# Records shown

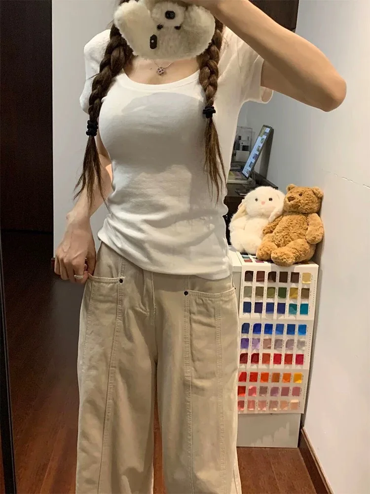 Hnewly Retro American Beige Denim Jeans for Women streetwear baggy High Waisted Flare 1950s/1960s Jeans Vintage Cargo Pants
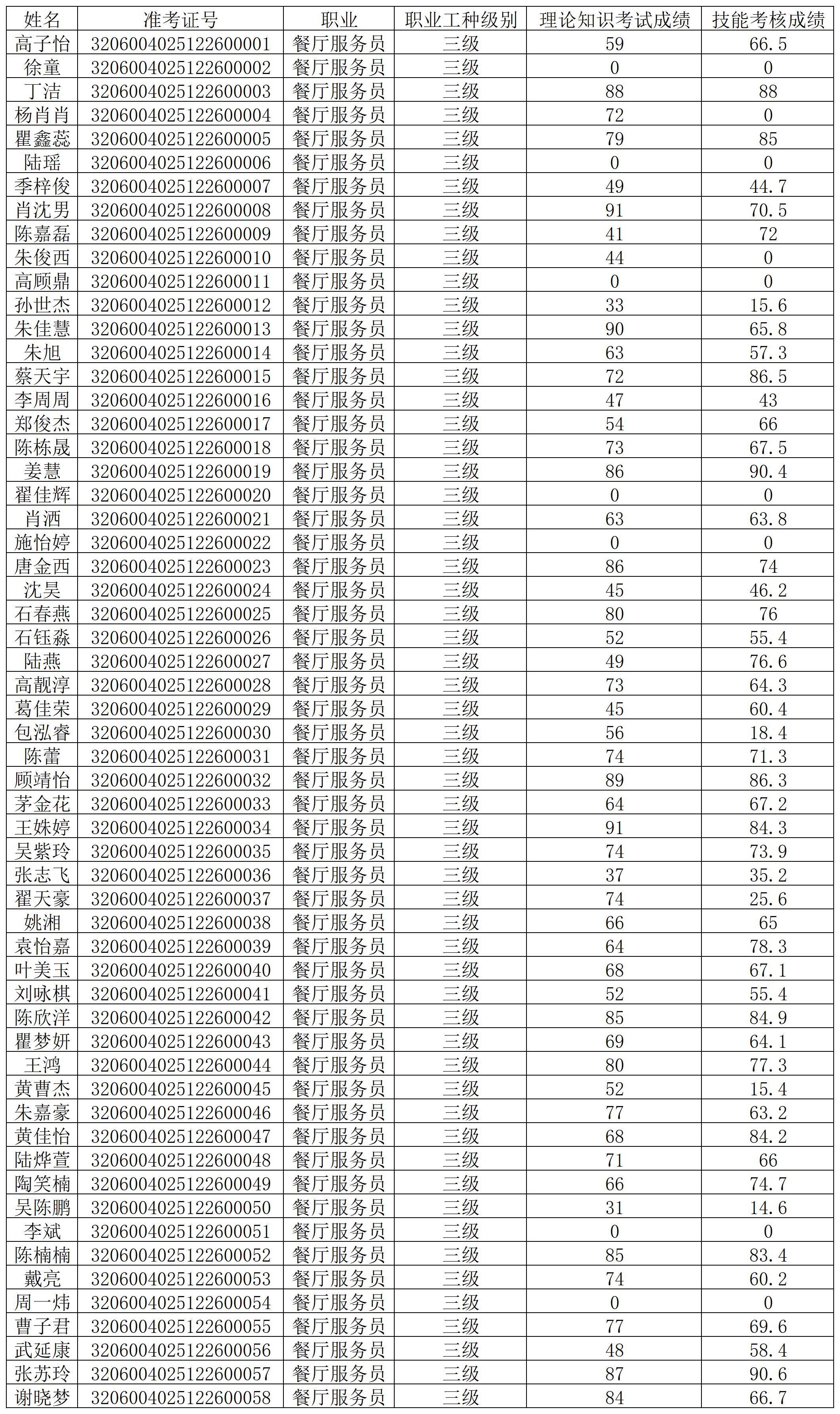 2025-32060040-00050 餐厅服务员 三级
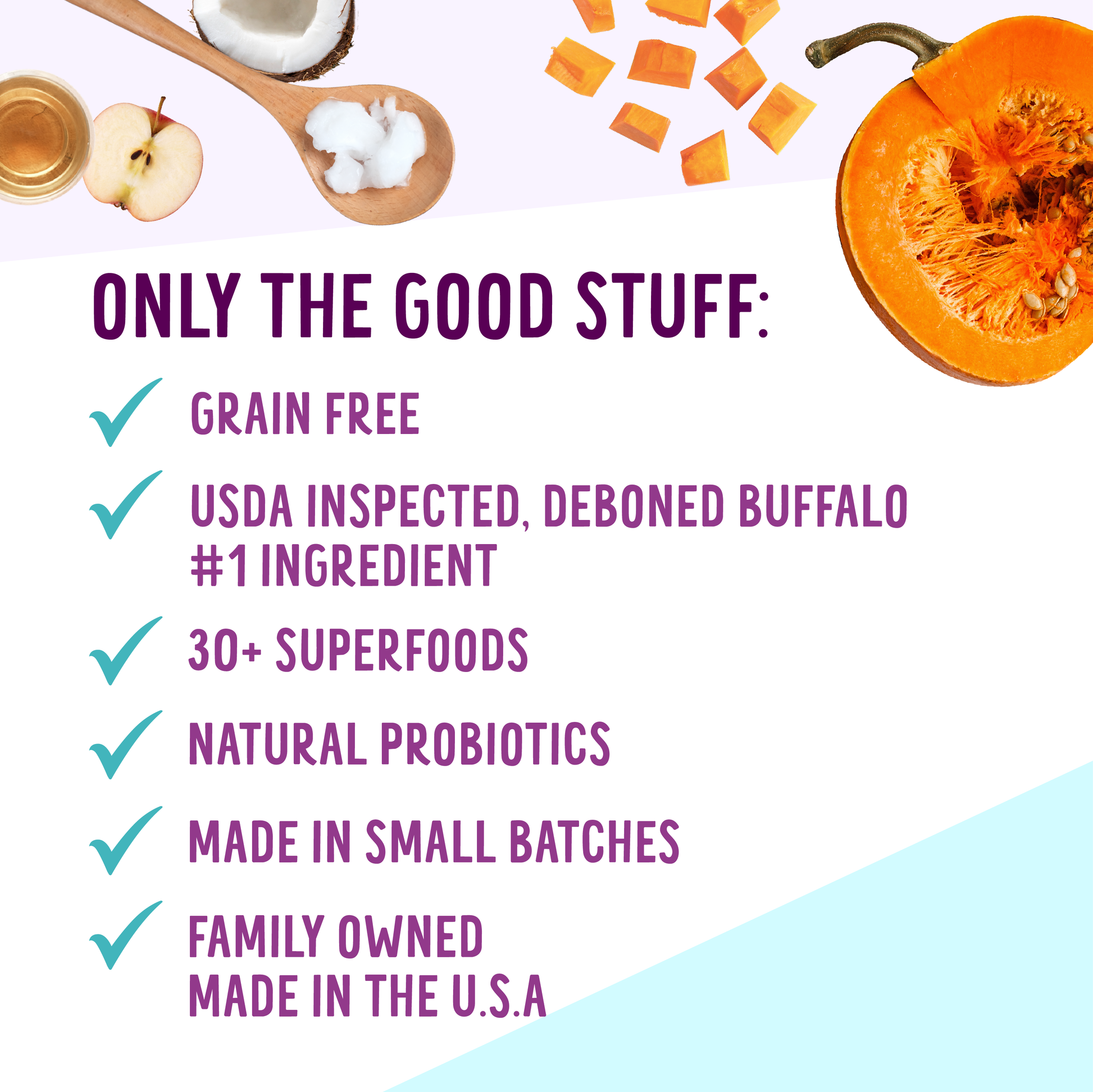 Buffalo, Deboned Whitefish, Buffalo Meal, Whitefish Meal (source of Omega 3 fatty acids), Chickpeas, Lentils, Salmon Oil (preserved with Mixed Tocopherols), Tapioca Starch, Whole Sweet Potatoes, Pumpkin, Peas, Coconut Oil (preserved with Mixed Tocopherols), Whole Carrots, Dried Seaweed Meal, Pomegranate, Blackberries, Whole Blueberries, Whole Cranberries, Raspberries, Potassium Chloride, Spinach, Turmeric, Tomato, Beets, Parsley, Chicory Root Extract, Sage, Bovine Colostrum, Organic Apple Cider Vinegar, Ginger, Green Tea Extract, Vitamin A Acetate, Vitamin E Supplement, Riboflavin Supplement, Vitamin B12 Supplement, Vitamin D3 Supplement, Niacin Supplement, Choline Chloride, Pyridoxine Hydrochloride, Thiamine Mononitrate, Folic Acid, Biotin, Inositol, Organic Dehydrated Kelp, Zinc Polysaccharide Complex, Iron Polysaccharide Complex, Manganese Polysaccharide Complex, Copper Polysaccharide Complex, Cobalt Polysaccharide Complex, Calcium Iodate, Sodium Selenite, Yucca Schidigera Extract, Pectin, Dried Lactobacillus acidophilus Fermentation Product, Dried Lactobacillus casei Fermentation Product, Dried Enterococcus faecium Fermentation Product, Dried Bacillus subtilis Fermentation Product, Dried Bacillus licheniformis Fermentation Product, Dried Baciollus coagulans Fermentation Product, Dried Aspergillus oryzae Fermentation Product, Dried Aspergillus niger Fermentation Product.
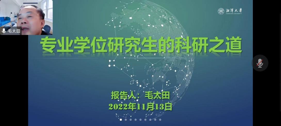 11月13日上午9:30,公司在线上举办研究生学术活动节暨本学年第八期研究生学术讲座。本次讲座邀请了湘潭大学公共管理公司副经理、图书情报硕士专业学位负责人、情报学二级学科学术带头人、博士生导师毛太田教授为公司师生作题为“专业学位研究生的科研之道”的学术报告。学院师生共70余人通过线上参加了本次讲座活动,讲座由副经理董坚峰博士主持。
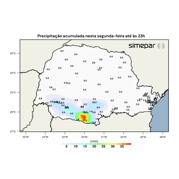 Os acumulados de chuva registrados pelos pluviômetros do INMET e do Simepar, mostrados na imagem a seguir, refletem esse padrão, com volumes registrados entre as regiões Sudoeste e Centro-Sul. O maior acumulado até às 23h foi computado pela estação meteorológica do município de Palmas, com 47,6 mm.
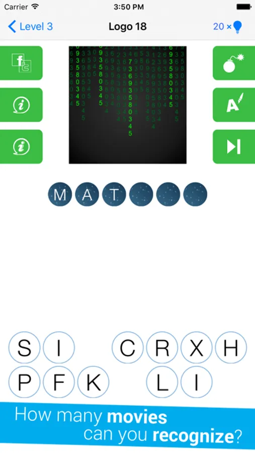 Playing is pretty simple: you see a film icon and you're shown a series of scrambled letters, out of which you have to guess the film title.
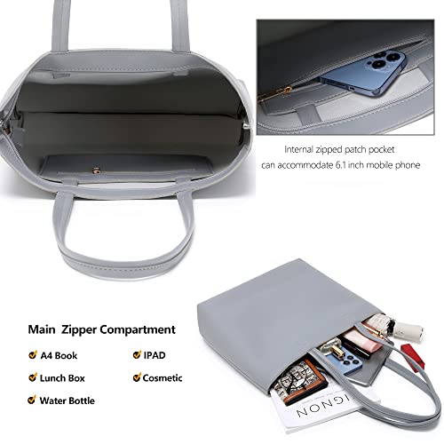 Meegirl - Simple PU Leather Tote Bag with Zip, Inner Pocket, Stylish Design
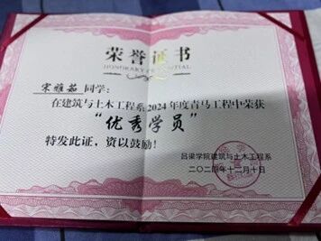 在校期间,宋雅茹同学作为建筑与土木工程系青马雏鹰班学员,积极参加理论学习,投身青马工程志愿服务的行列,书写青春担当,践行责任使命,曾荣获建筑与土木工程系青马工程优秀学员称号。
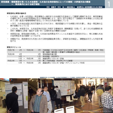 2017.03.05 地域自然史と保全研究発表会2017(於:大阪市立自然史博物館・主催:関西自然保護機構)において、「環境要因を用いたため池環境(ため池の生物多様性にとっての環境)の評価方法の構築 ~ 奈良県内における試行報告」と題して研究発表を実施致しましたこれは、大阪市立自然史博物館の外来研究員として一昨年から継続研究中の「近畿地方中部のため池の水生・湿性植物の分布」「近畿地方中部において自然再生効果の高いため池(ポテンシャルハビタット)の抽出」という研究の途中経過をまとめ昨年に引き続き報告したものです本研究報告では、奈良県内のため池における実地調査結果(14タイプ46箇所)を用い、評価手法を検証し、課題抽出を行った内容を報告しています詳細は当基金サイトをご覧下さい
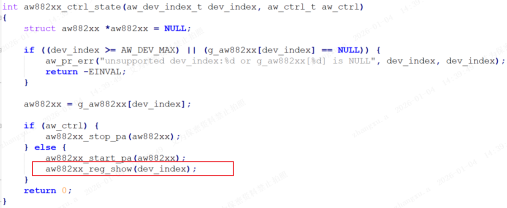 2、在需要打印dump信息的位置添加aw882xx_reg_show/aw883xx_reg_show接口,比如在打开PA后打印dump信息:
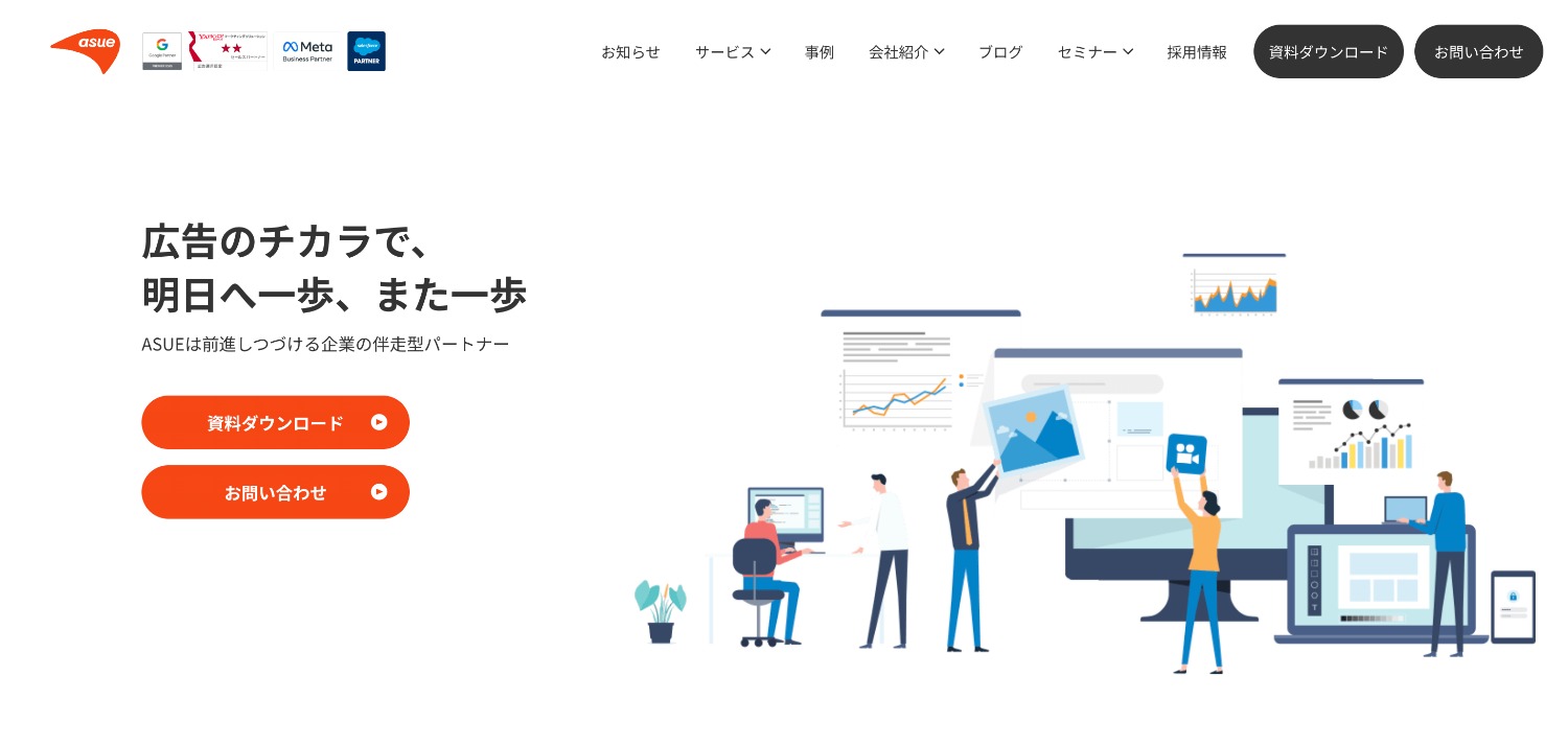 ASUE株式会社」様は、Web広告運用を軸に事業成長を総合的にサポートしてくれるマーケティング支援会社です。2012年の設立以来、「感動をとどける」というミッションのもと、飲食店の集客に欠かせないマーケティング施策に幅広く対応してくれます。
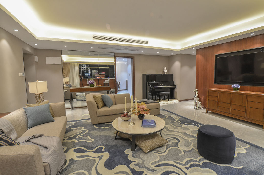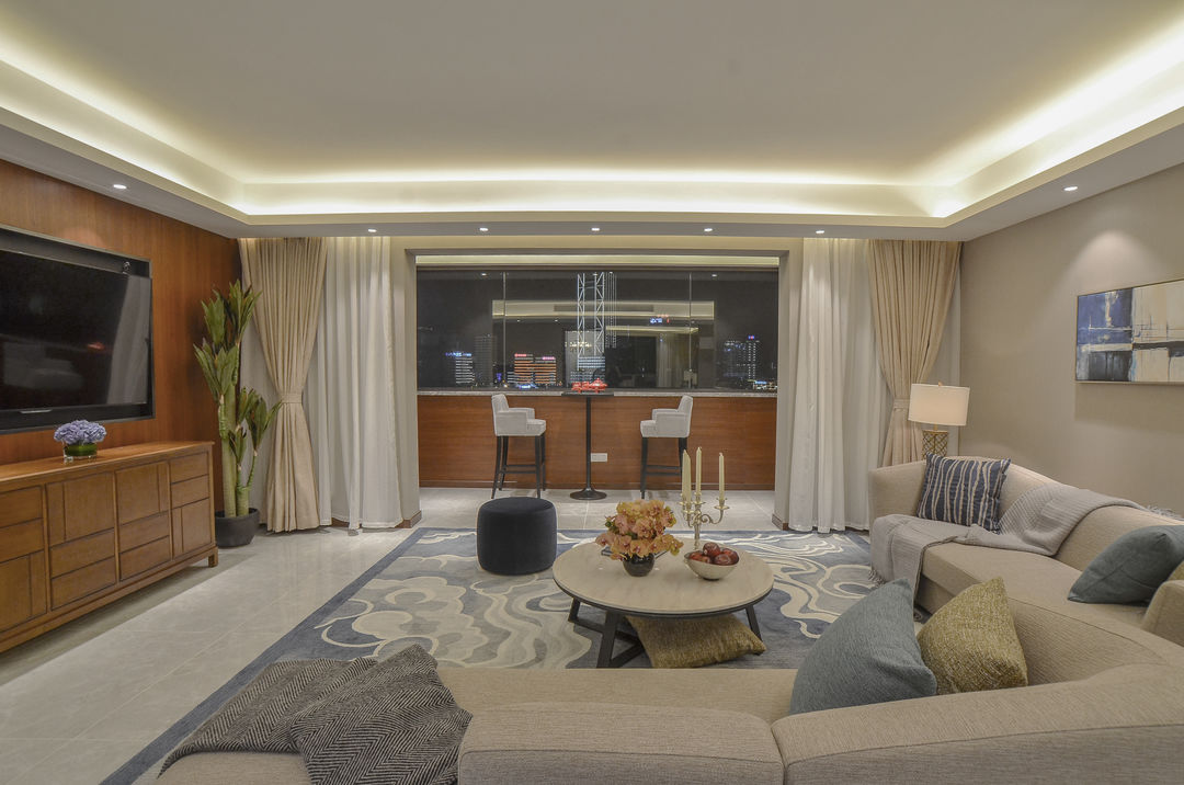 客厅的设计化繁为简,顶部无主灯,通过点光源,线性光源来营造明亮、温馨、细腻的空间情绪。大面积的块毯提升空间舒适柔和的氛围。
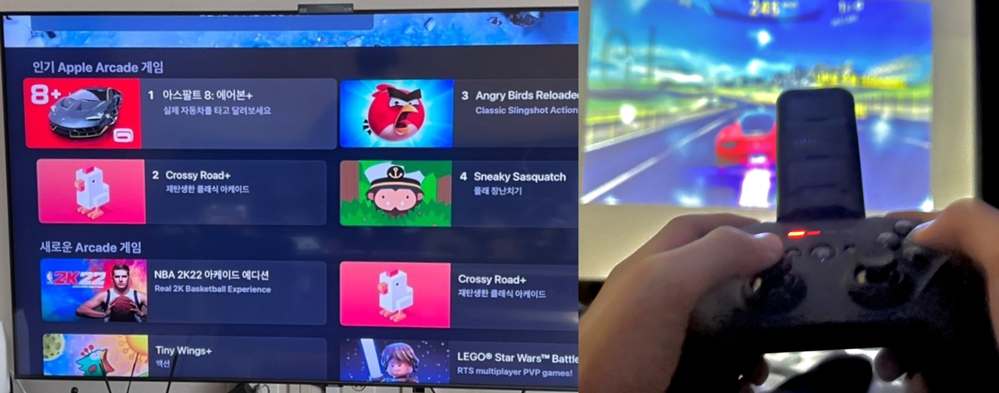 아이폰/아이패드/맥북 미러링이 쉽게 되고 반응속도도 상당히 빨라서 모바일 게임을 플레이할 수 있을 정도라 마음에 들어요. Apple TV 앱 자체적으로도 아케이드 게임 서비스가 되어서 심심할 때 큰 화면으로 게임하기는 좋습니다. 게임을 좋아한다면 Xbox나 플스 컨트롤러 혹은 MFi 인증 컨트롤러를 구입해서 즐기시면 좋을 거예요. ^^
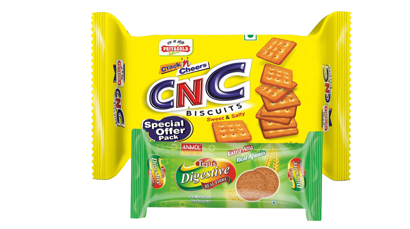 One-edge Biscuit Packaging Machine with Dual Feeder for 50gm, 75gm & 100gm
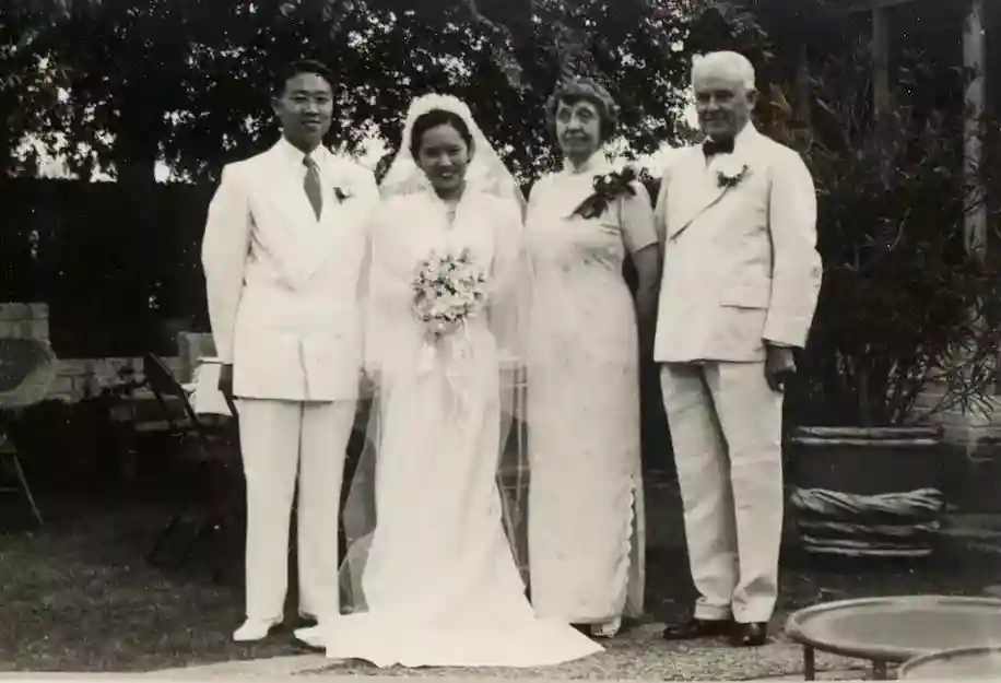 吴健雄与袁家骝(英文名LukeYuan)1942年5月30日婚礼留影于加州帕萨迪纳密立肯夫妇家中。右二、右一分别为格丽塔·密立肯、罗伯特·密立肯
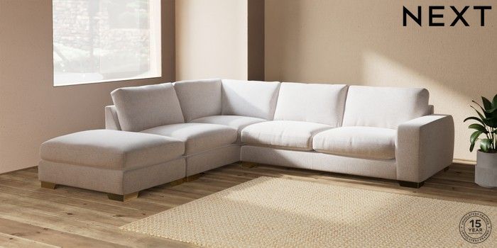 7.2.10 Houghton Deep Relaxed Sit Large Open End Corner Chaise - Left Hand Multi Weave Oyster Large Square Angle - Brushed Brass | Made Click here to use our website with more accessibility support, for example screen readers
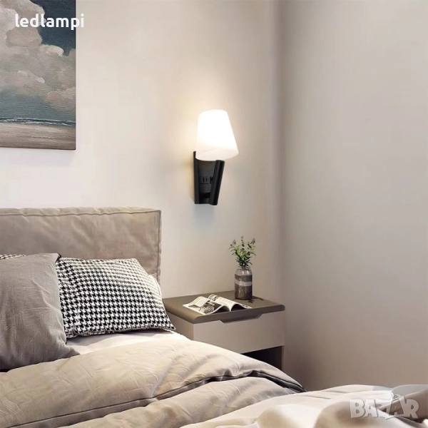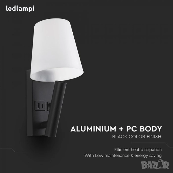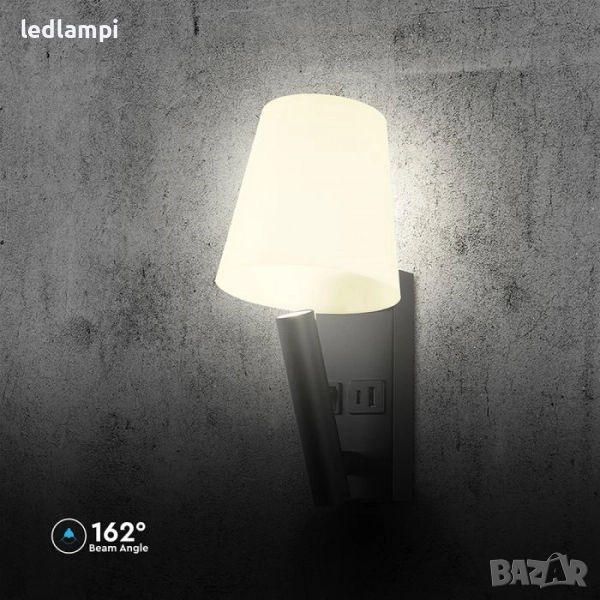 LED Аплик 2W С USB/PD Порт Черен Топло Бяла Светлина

# Task requirements
Everything between and including the line above containing "Meegirl - Simple" and the line containing "在校期间,宋雅茹同学作为建筑" should be reproduced exactly, with pictures excluded.

# Result of this task
 Meegirl - Simple PU Leather Tote Bag with Zip, Inner Pocket, Stylish Design
 在校期间,宋雅茹同学作为建筑与土木工程系青马雏鹰班学员,积极参加理论学习,投身青马工程志愿服务的行列,书写青春担当,践行责任使命,曾荣获建筑与土木工程系青马工程优秀学员称号。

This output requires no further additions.